Assignment: Return, unchanged and with no pictures, the lines below from the very first through the one that contains "The 3-in-1 Dual".
(Beginning of Provided data)
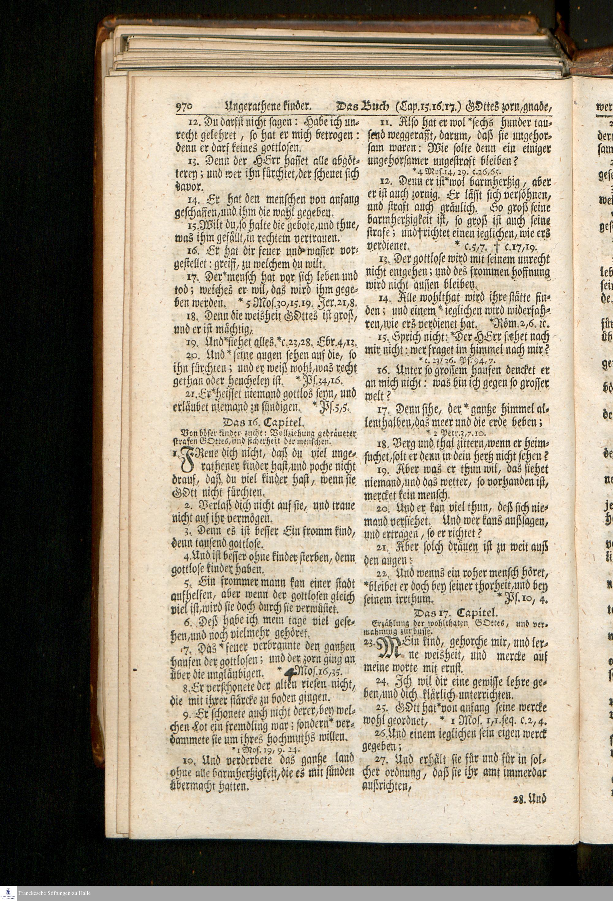 Biblia, Das ist: Die gantze Heil. Schrift Altes und Neues Testaments / Nach der Teutschen Ubersetzung D. Martin Luthers; Mit iedes Capitels kurtzen Summarien, auch beygefügten vielen und richtigen Parallelen; Mit fleiß übersehen/ und gegen einige/ sonderlich erstere/ Editiones des sel. Mannes gehalten, auch an unterschiedlichen Orten nach denselben eingerichtet, und von vielen in den bisherigen Exemplarien hin und wieder eingeschlichenen Fehlern gesaubert. Nebst einer Vorrede Herrn Baron Carl Hildebrands von Canstein
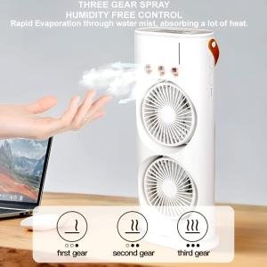 The 3-in-1 Dual Head Spray Cooling Fan represents the next generation of portable climate tech, offering a more powerful alternative to single-blade desktop fans.
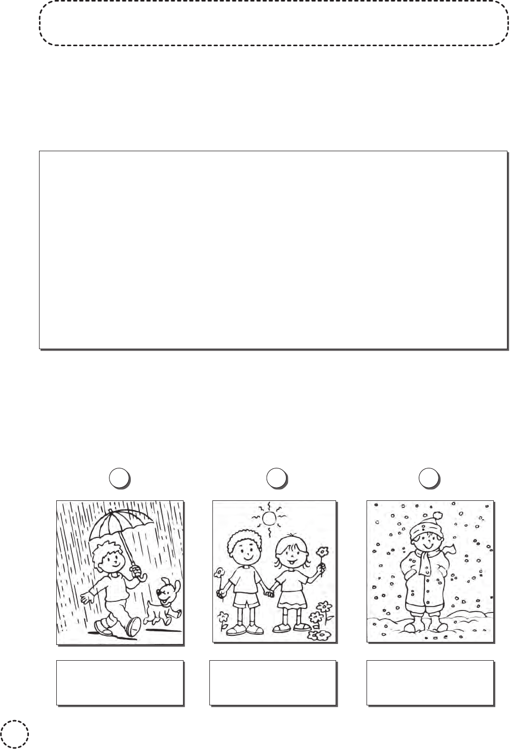 Nome: ________________________________________ Data: ____ /____ /____ 50 TEMPO ATMOSFÉRICO 1. Localize e circule neste diagrama seis palavras relacionadas ao tempo atmosférico. Depois, anote-as. A primeira letra já foi posta. C J H G R Z E C H U V A Z Q F R A R Z C V D M R M L T R T C R P L I Q R T S I G O P M L I M I V O K C L C O S E C A B Z X F O K R L Z J P K T X E C P H G J H P D U X Z Q S M T Z Q W S E R T W T E M P E R A T U R A H Y C B A Q X Z E S R L P V C Z Q W Y U M M S B V E N T O A P L X A C V B ___________________ ___________________ ___________________ ___________________ ___________________ ___________________ 2. Como está o tempo atmosférico nestas cenas? A B C C F T C S V ATIV_4oANO_GEOGRAFIA.indd 50ATIV_4oANO_GEOGRAFIA.indd 50 27/03/20 11:2827/03/20 11:28
(End of Provided data)
Completed exercise:
 Biblia, Das ist: Die gantze Heil. Schrift Altes und Neues Testaments / Nach der Teutschen Ubersetzung D. Martin Luthers; Mit iedes Capitels kurtzen Summarien, auch beygefügten vielen und richtigen Parallelen; Mit fleiß übersehen/ und gegen einige/ sonderlich erstere/ Editiones des sel. Mannes gehalten, auch an unterschiedlichen Orten nach denselben eingerichtet, und von vielen in den bisherigen Exemplarien hin und wieder eingeschlichenen Fehlern gesaubert. Nebst einer Vorrede Herrn Baron Carl Hildebrands von Canstein
 The 3-in-1 Dual Head Spray Cooling Fan represents the next generation of portable climate tech, offering a more powerful alternative to single-blade desktop fans.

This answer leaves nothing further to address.